→ **Aim of the task**: Once the pictures are set aside, copy the data below exactly as it stands.

→ **Dataset excerpt**:
********
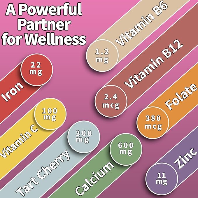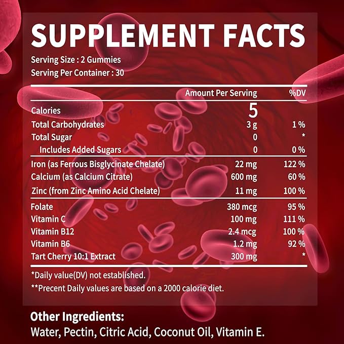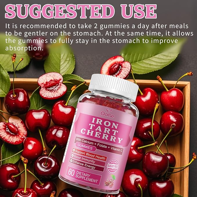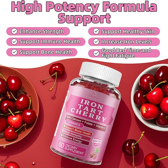 - FORMULA FOR MAXIMUM BENEFIT: OALSE's Iron Gummies are fortified with Calcium, Zinc, Vitamins C, B12, Folic Acid, and Tart Cherry Extract. Vitamins C and B12 assist the body in accelerating the absorption of iron. Folic acid is effective in relieving anemia and is an important element that pregnant women must take as a supplement. In addition, we have added tart cherry extract. Research shows that cherries are the fruit with the highest iron content. While relieving anemia, the rich anthocyanins* of tart cherries protect our skin, boost immunity and support good bed time
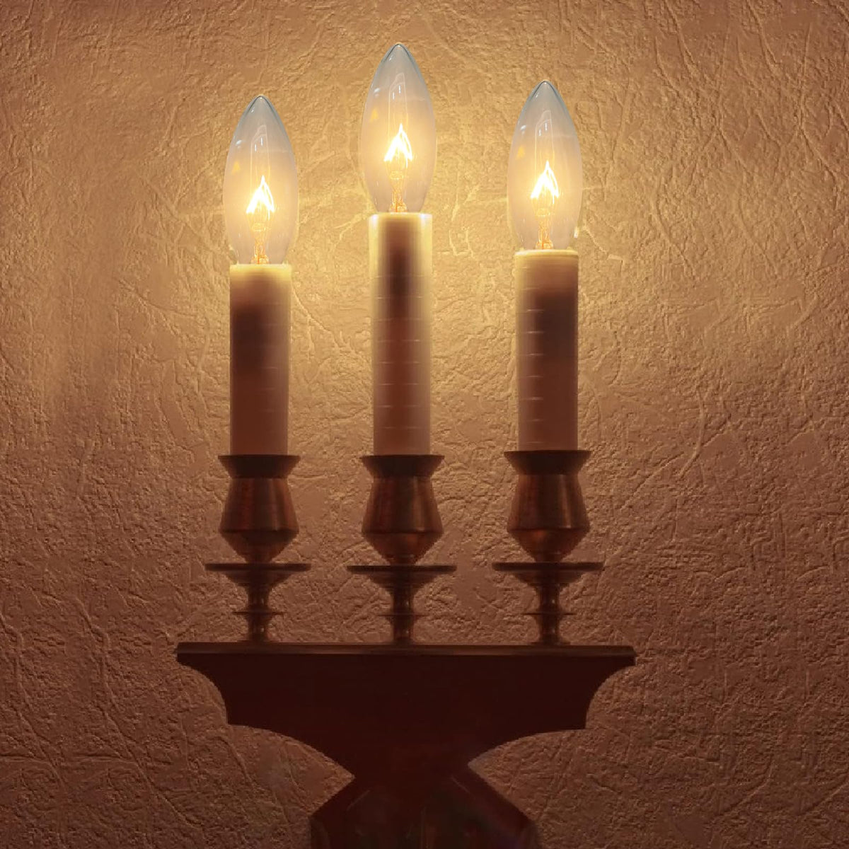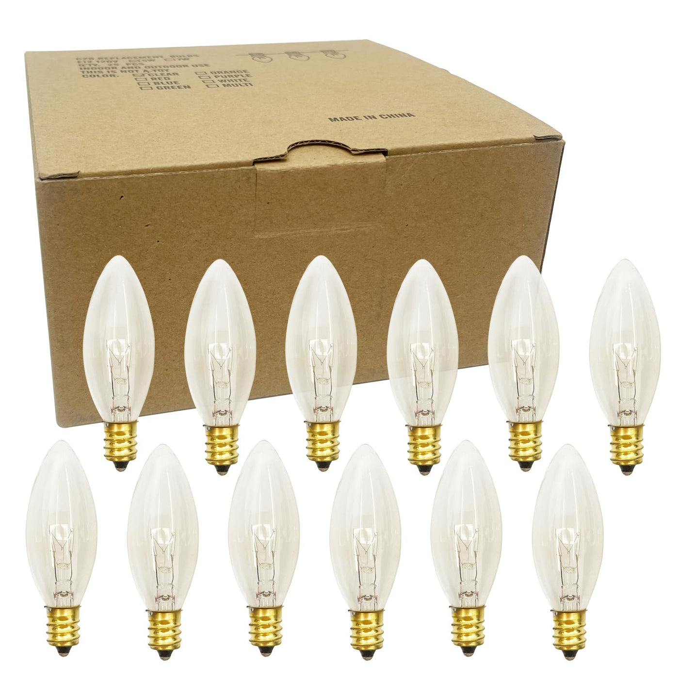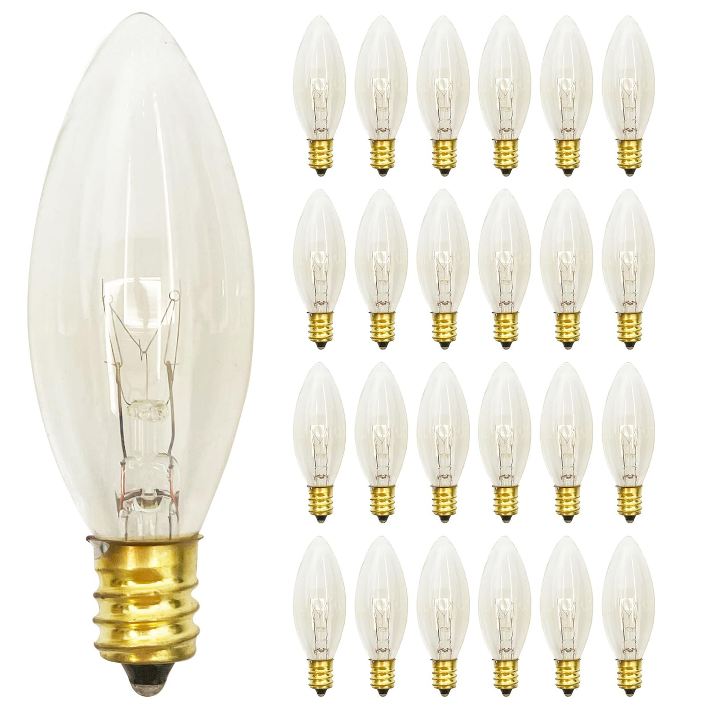 25 Pack C26 Christmas Replacement Light Bulbs, E12 Candelabra Base Bulbs, Clear Torpedo Tip Replacement Lights Bulbs for Indoor Outdoor Electric Window Candle, Chandeliers, C7/E12 Candelabra Base, 7 Watt Night Light Bulbs Specifications: C26 Clear Replacement Lights Bulbs Power Consumption: 7 watt Bulb Dimension: 3 inch Voltage: 120V Material: Glass Color: Clear Light Bulb Bulbs Quantity: 25 pcs Socket Base Type: E12/ C7 Base Bulb Life Span: 1500 Hours Special Features: IP44 Water Resistant All bulbs are tested over 48 hours before packing. If you have any quality problems, please contact us directly!
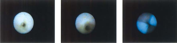 Рис. 2. На ряде снимков, выполненных при эндоскопическом исследовании семявыносящего протока, показаны полая игла и характерная спиралевидная структура протока. Также видны белые пятна семенной жидкости.
********
→ **Answer to this problem**:
 - FORMULA FOR MAXIMUM BENEFIT: OALSE's Iron Gummies are fortified with Calcium, Zinc, Vitamins C, B12, Folic Acid, and Tart Cherry Extract. Vitamins C and B12 assist the body in accelerating the absorption of iron. Folic acid is effective in relieving anemia and is an important element that pregnant women must take as a supplement. In addition, we have added tart cherry extract. Research shows that cherries are the fruit with the highest iron content. While relieving anemia, the rich anthocyanins* of tart cherries protect our skin, boost immunity and support good bed time
 25 Pack C26 Christmas Replacement Light Bulbs, E12 Candelabra Base Bulbs, Clear Torpedo Tip Replacement Lights Bulbs for Indoor Outdoor Electric Window Candle, Chandeliers, C7/E12 Candelabra Base, 7 Watt Night Light Bulbs Specifications: C26 Clear Replacement Lights Bulbs Power Consumption: 7 watt Bulb Dimension: 3 inch Voltage: 120V Material: Glass Color: Clear Light Bulb Bulbs Quantity: 25 pcs Socket Base Type: E12/ C7 Base Bulb Life Span: 1500 Hours Special Features: IP44 Water Resistant All bulbs are tested over 48 hours before packing. If you have any quality problems, please contact us directly!
 Рис. 2. На ряде снимков, выполненных при эндоскопическом исследовании семявыносящего протока, показаны полая игла и характерная спиралевидная структура протока. Также видны белые пятна семенной жидкости.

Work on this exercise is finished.